Sigrid Rondelez

Personal information
- Nickname: Sigi
- Nationality: Belgium
- Born: 17 March 1971 (age 55) Bruges, Belgium
- Height: 1.72 m (5 ft 7+1⁄2 in)
- Weight: 61 kg (134 lb)

Sailing career
- Sport: Sailing
- Club: Side Shore Surfers de Panne
- Coached by: Casper Bouman
- Class: Sailboard

= Sigrid Rondelez =

Belgian windsurfer (born 1971)

Sigrid Rondelez (born 17 March 1971) is a Belgian windsurfer, who specialized in Mistral and Neil Pryde RS:X classes. She represented Belgium in three editions of the Olympic Games (2000, 2004, and 2012), and was a top eight finalist at the 2003 ISAF Sailing World Championships in Cádiz, Spain.

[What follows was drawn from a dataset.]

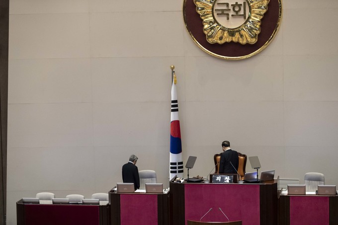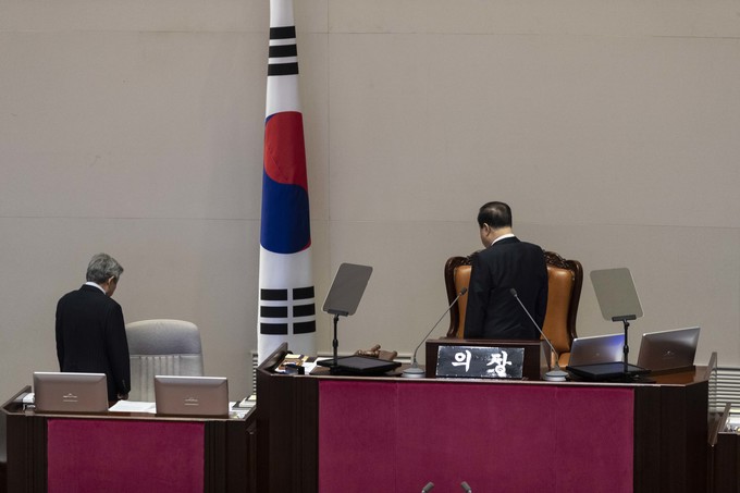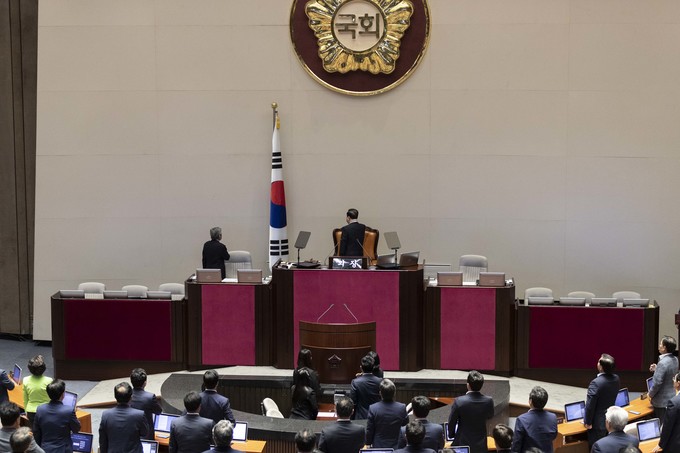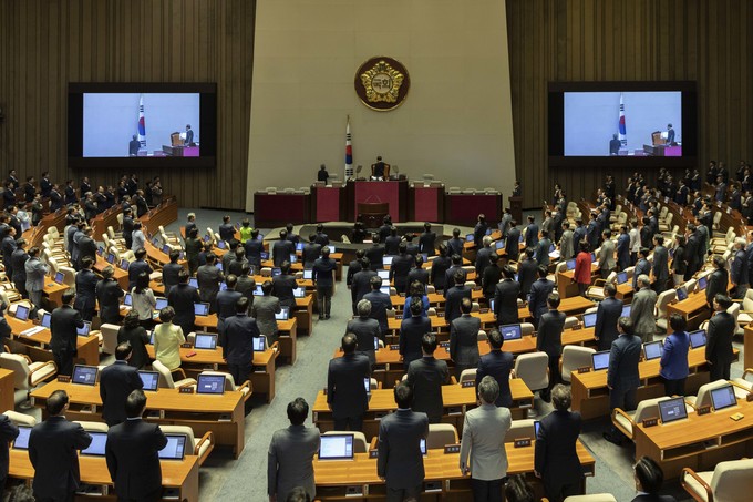 문희상 국회의장과 의원들이 2일 오후 서울 여의도 국회에서 열린 제371회(정기회) 개회식에 참석해 국민의례를 하고 있다.
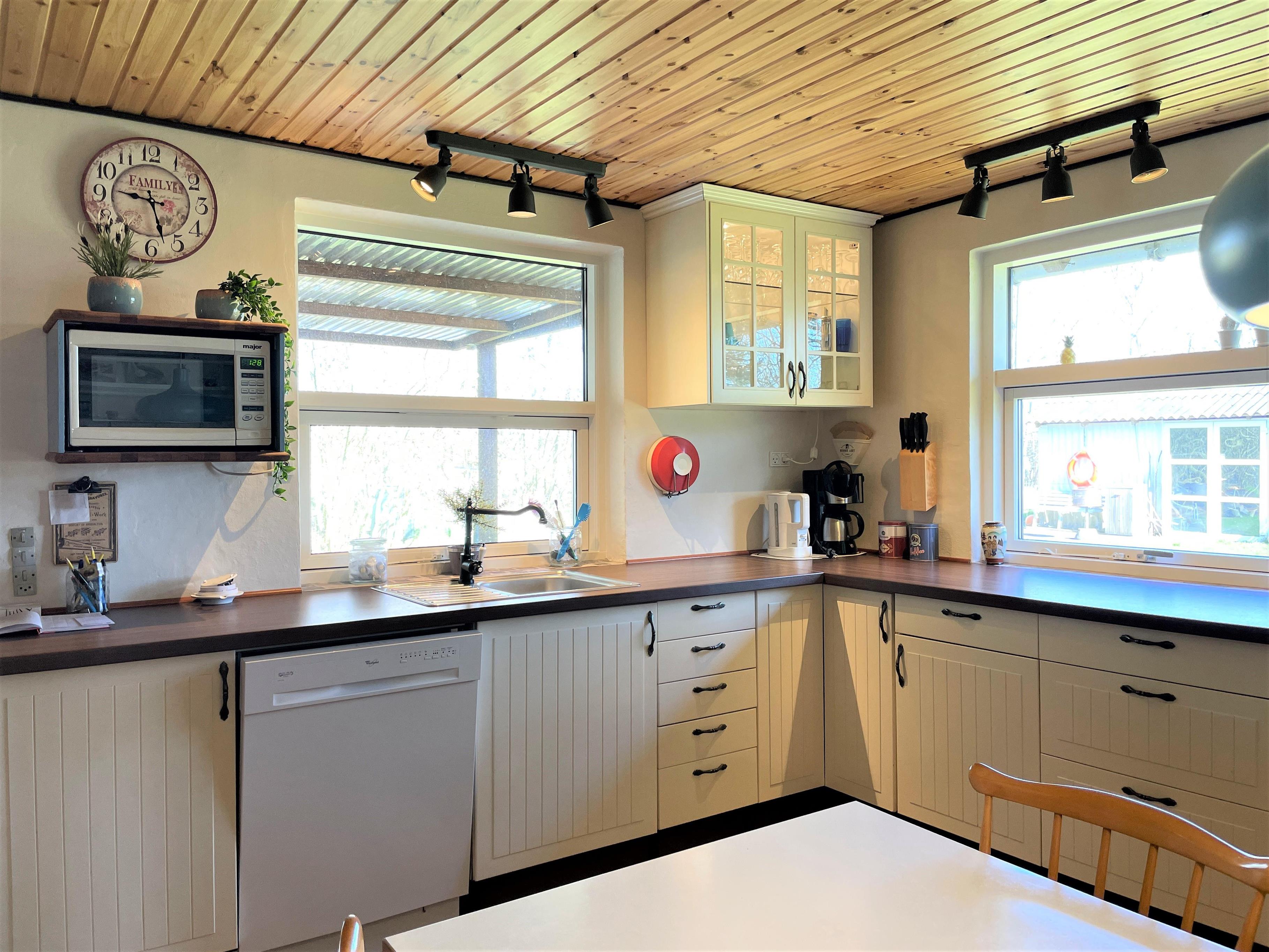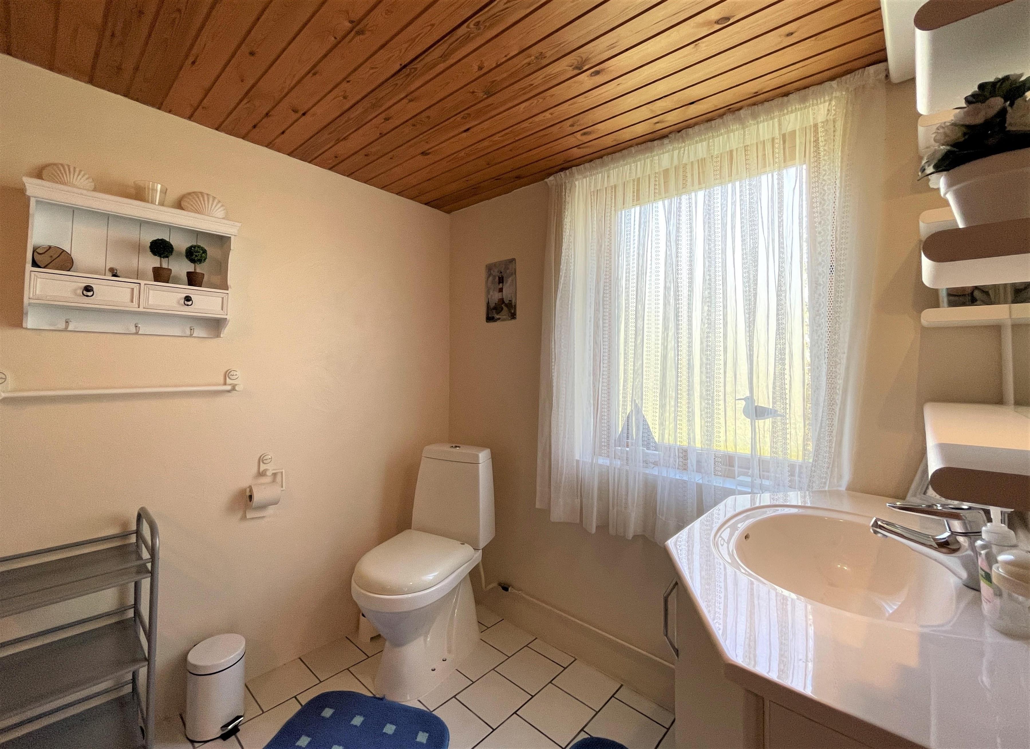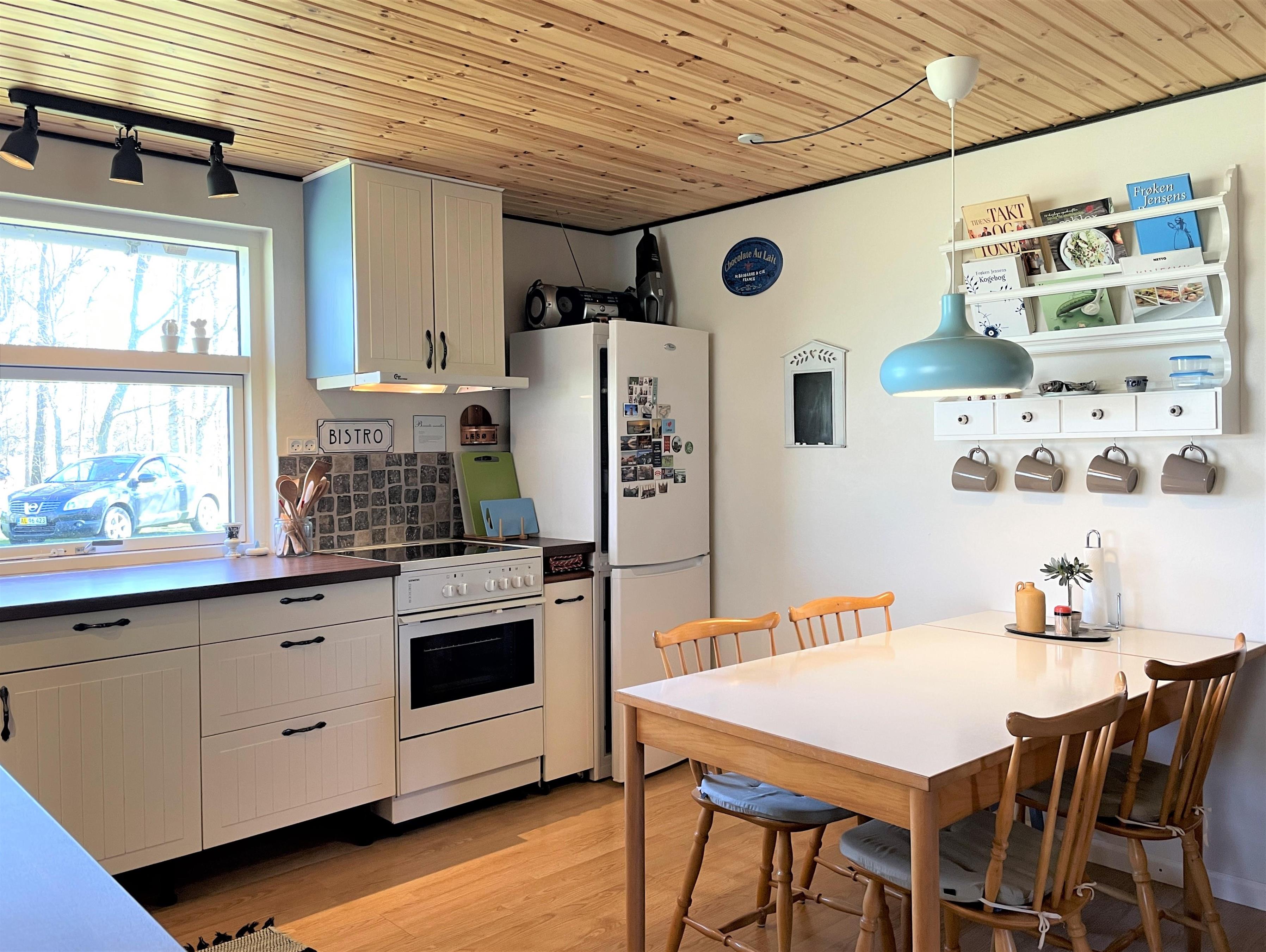 Huset indeholder fint køkken med spiseplads samt stue med hyggelig møblering. Pænt badeværelse med brus. Der er et soveværelse i stueplan med to enkeltsenge samt to soverum på 1.salen med dobbeltsenge. Der er brændeovn i stuen. Hunden er velkommen i husets underetage.

Before her sporting career ended in 2012, Rondelez trained for Side Shore Surfers Club in De Panne under her head coach, former Dutch windsurfer, and 2008 Olympian Casper Bouman.

Rondelez made her official debut at the 2000 Summer Olympics in Sydney, where she placed sixteenth in women's Mistral sailboard with a net score of 127 points. At the 2004 Summer Olympics in Athens, Rondelez competed again in the same program after finishing eighth from the World Championships in Cádiz. She posted a grade of 148 net points to end the eleven-race opening series with an eighteenth-place finish.

Eight years after competing in her last Olympics, Rondelez qualified for her third Belgian team, as a 36-year-old, in the RS:X class at the 2012 Summer Olympics in London by receiving a berth from the ISAF Sailing World Championships in Perth, Western Australia. Rondelez missed a chance to sail in the medal race with a seventeenth-place finish after ten opening rounds, accumulating a net score of 150 points.